- Exercise description
Every line below from the one containing "占地约700平方米,是物通科" through the one containing "Trash can round" must be transcribed exactly. Omit all lines outside that stretch.

- Given records
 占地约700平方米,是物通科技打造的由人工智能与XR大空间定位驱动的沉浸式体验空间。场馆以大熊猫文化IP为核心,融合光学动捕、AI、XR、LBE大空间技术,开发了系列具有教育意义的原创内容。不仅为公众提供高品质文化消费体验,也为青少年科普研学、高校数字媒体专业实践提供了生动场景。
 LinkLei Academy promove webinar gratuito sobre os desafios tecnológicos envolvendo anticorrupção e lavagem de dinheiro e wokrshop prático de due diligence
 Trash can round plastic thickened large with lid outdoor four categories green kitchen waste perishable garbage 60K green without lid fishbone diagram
==
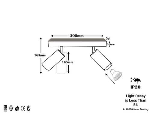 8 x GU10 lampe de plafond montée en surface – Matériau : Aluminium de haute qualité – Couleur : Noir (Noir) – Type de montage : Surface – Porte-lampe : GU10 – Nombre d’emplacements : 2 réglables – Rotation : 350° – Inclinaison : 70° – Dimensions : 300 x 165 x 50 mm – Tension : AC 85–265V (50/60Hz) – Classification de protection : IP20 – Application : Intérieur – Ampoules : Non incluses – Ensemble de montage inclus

- Task output
 占地约700平方米,是物通科技打造的由人工智能与XR大空间定位驱动的沉浸式体验空间。场馆以大熊猫文化IP为核心,融合光学动捕、AI、XR、LBE大空间技术,开发了系列具有教育意义的原创内容。不仅为公众提供高品质文化消费体验,也为青少年科普研学、高校数字媒体专业实践提供了生动场景。
 LinkLei Academy promove webinar gratuito sobre os desafios tecnológicos envolvendo anticorrupção e lavagem de dinheiro e wokrshop prático de due diligence
 Trash can round plastic thickened large with lid outdoor four categories green kitchen waste perishable garbage 60K green without lid fishbone diagram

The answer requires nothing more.